Price target revised to Rs425

Result highlights

  • The consolidated revenues of Thermax grew by 23.0% year on year (yoy) to Rs520.2 crore in Q2FY2007, in line with our expectation. The energy segment grew by a robust 20.9% yoy to Rs433.4 crore whereas the environment segment grew by 17.8% yoy to Rs118.7 crore.
  • The company's operating profit margin grew by 240 basis points yoy and 350 basis points sequentially to 13.9% in the quarter, way above our expectation. The margin growth was attributed to the strong order booking, lower material cost and a shift in the product mix towards the high-margin energy segment. Consequently, the operating profit grew by 48.5% yoy to Rs72.1 crore, again ahead of our expectation.
  • The energy segment continued its robust performance with a revenue growth of 20.9% yoy to Rs433.4 crore and a 430-basis-point expansion in the profit before interest and tax (PBIT) margin to 15.0%. The environment segment too bounced back with a 17.8% year-on-year growth in the revenues to Rs118.7 crore. The margins bounced back in this quarter after remaining subdued in Q1FY2007. The PBIT margin improved by 330 basis points sequentially.
  • The net profit grew by 76.4% yoy to Rs53.7 crore in Q2FY2007, ahead of our expectation. The robust margin expansion, higher other income and lower effective tax rate are attributable to the jump in the net profit.
  • The order backlog maintained its growth momentum during the quarter, recording a strong growth of 11.5% sequentially and of 142% yoy to Rs2,973 crore. The order backlog is equivalent to 1.8x FY2006 consolidated revenues, imparting a very strong visibility to the revenues.
  • Another development during the quarter was that ME Engineering, UK, its loss making wholly-owned subsidiary was referred to the administrator in the UK as its performance was mediocre and it continued to make losses. Due to this event Thermax has provided for Rs23.1 crore as extraordinary expenses in the stand-alone financials. However, the net impact of the above provisions in the consolidated accounts was Rs2.0 crore only. The positive of this event is that in H2FY2007 the performance of ME Engineering won't be a drag on the company's results.
  • In light of the continued growth traction over the last few quarters, the blow-out H1FY2007 performance, expected margin expansion in H2FY2007 and reiterated guidance of 30% growth in the top line, we are revising our FY2007 and FY2008 earnings upwards by 22.8% and 17.8% respectively. We are also revising our one-year price target upwards to Rs425 (an upside of 19.6%) discounting its FY2008 earnings per share (EPS) by 18.9x. The Rs34 per share of cash and cash equivalent on the company's books provides amargin of safety to our price target. We maintain a BUY on the stock with a revised price target of Rs425.

SECTOR UPDATE

Pharmaceuticals

R&D tax sops in pharma policy
In a recent conference of the Indian pharma companies organised by Assocham, the minister for chemicals and fertilisers, Ram Vilas Paswan, hinted at certain growth boosters for the Indian pharma industry in the forthcoming new drug policy. The boosters are likely to include fiscal benefits on research and development (R&D) spending and higher public healthcare allocation. The new drug policy is expected to be released by the end of November 2006. According to Mr Paswan, the drug policy has been devised to not only boost the growth of the sector but also benefit the common people in India.

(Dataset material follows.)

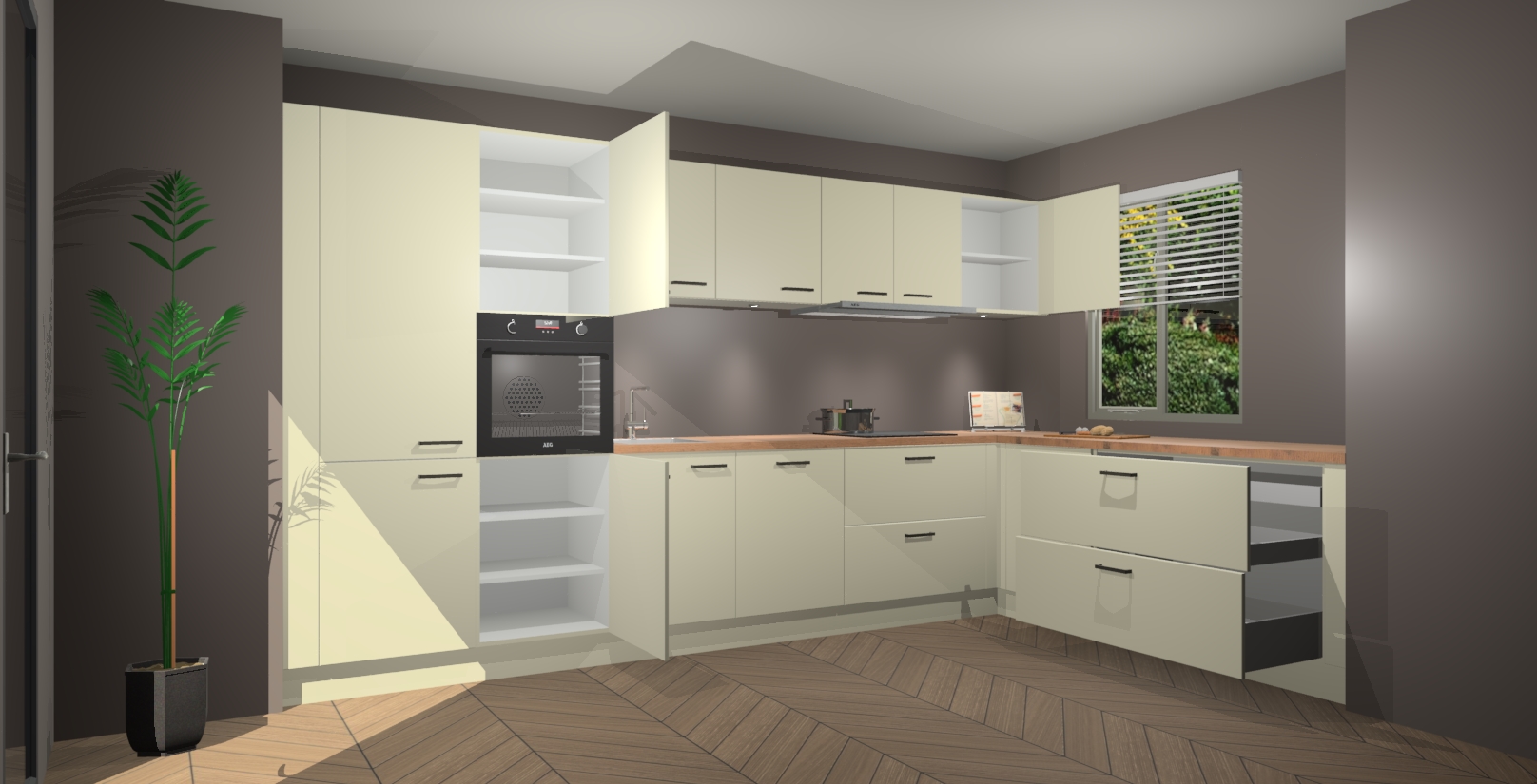 In deze box zijn alle kleuren verzameld van de deuren en werkbladen. Vraag de gratis kleurenbox aan en kijk thuis rustig verder!

On behalf of the government, Mr Paswan has made a commitment to take the healthcare spending from 0.9% to 2-3% of the gross domestic product (GDP) in the next five years and help the industry grow from $12 billion to $20-25 billion in the same period. That translates into a compounded annual growth rate (CAGR) of 14% and seems reasonable considering the global growth rate of 7-8%.